Nancy : actualités de la mise à mort par l’exclusion.

Nancy (54) |

La semaine passée deux détenus se sont suicidés à la prison de Nancy. Comme d’habitude on ne s’intéresse à un phénomène que lorsqu’il ressemble à une mode, alors allons-y.

Il est assez étonnant de voir comment nos sociétés ont réussi à faire passer la mise à mort par pendaison ou guillotine comme un acte barbare d’ancien régime. Pourtant à quelques kilomètres de chez vous, tout près, on peut encore entendre les gorges se faire trancher et les respirations s’arrêter pour de bon si on sait tendre l’oreille.

La différence est simplement qu’on ne paye plus des bourreaux pour le faire, on recrute des matons et des sénateurs.

Le principe est finalement assez simple. On enferme les gens, pauvres de préférence. On les isole, on les maltraite, on les humilie eux et leur familles, au tribunal ou au centre pénitentiaire, et une fois qu’on a bien rabaissé l’homme à la condition de fantôme social on le laisse utiliser un moyen sordide pour se foutre en l’air.

L’an dernier 131 êtres humains ont décidé de ne plus l’être à cause de leur incarcération. Le suicide apparaît comme l’aménagement de peine le plus efficace pour certains de ces détenus. Un tel phénomène pourrait attirer l’attention des « responsables (…) politiques »…

Et c’est le cas ! Olivier Jacquin, sénateur 54 et membre du Parti socialiste, s’y est rendu. L’occasion pour L’Est républicain du 7 mai 2019 de faire un bel article pour nier la réalité du système carcéral :

Citation :

« Le double suicide pourrait-il être le révélateur d’un malaise ou d’un problème au sein du centre pénitentiaire nancéien ? A priori non. « C’est une série noire sans logique », confie le sénateur Olivier Jacquin qui a pu visiter, ce lundi, la prison. »

Bravo Jacquin. Bravo. C’est aussi peu logique que de voir des tas de merde en costume se revendiquer du socialisme dans les assemblées du pays. 6 fois plus de suicide dans les prisons que dans la société et le type ne voit pas de liens entre les différentes plaintes de l’Union européenne à l’encontre du système pénitentiaire français et l’un des taux de suicide carcéral les plus élevés d’Europe ?

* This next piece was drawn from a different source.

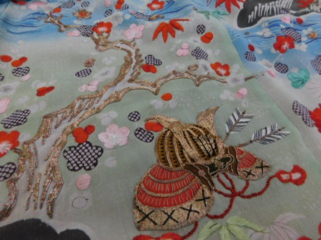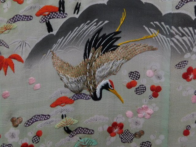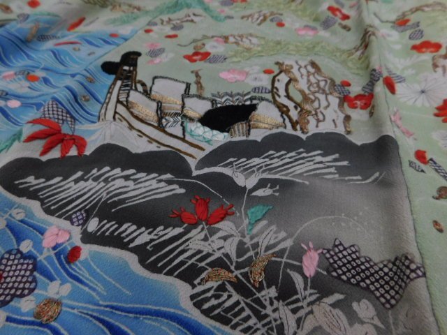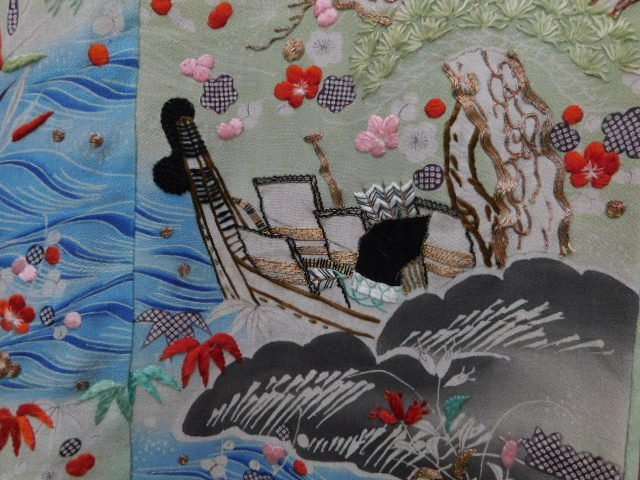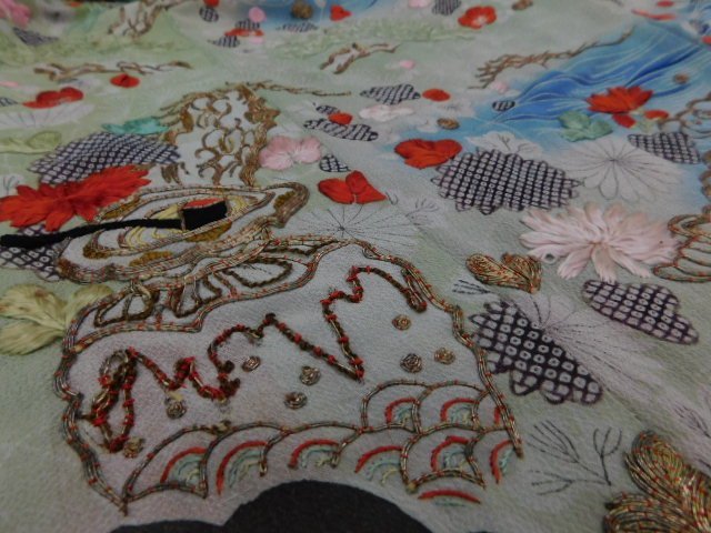 見事な幕末の縮緬振袖で、見事な染めと刺繍です。

Ce qui se passe à Nancy est un phénomène de déshumanisation organisé par l’Etat. Juges, policiers, matons et politiques sont autant de rouages indispensables à la mise à mort généralisée qui s’y déroule.

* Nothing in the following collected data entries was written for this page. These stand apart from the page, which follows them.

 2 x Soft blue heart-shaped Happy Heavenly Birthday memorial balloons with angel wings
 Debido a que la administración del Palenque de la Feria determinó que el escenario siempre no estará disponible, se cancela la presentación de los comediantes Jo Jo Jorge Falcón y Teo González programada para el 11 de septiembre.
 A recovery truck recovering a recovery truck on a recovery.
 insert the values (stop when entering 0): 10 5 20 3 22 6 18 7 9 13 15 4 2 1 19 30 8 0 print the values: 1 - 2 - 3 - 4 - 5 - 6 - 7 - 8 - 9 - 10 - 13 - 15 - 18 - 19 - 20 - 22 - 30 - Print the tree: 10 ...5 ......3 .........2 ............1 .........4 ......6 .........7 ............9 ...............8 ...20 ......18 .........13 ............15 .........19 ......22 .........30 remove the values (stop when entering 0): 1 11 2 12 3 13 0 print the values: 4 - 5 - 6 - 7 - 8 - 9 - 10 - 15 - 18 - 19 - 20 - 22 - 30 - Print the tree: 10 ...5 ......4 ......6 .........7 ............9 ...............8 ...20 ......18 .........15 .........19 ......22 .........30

Il ne s’agit pas de pleurer en accusant toutes ces personnes qui maintiennent de façon inavouée la peine de mort en France, il s’agit de cibler un problème pour le combattre. Aujourd’hui la France n’a jamais eu autant recours à l’incarcération pour punir. Aujourd’hui la France n’a jamais autant déshumanisé des individus par le recours aux technologies, le manque de moyens et l’humiliation par les traitements et les discours avilissants.

Pourtant rien n’est fait… comme si les luttes anti-carcérales étaient has-been.

Peut-être le sang gicle-t-il trop près de nous pour que nous osions nous essuyer le visage et regarder en face « l’inconscient de nos institutions ».

Car c’est cela la prison. Toute l’accumulation de frustration refoulée de la société qui s’agglutine dans des murs froids comme un corps pendu au bout de lacets de chaussures.

Soit nous ne le voyons pas, soit nous refusons de le voir mais il y a tout près de chez nous des mises à mort qui s’organisent.

Je dédicace cet article à tous ceux qui ont préféré s’autodétruire en prison plutôt que d’attendre d’être « mis en liberté ».

Une phrase aussi pour toutes et tous les détenus qui ont des pensées noires et qui les affrontent au quotidien. Tenez-bon.

Une pensée pour les familles de ceux qu’on « défamilise ».

Et une autre pour les gamins qu’on voit courir dans les couloirs des prisons pour aller voir leur parents.

En espérant que votre monde sera moins carcéral que le nôtre et que vous courrez toujours en grandissant.

Enfin une pensée pour les lacets de chaussures des magistrats.

Serrez-les fort car vous finirez par courir vous aussi.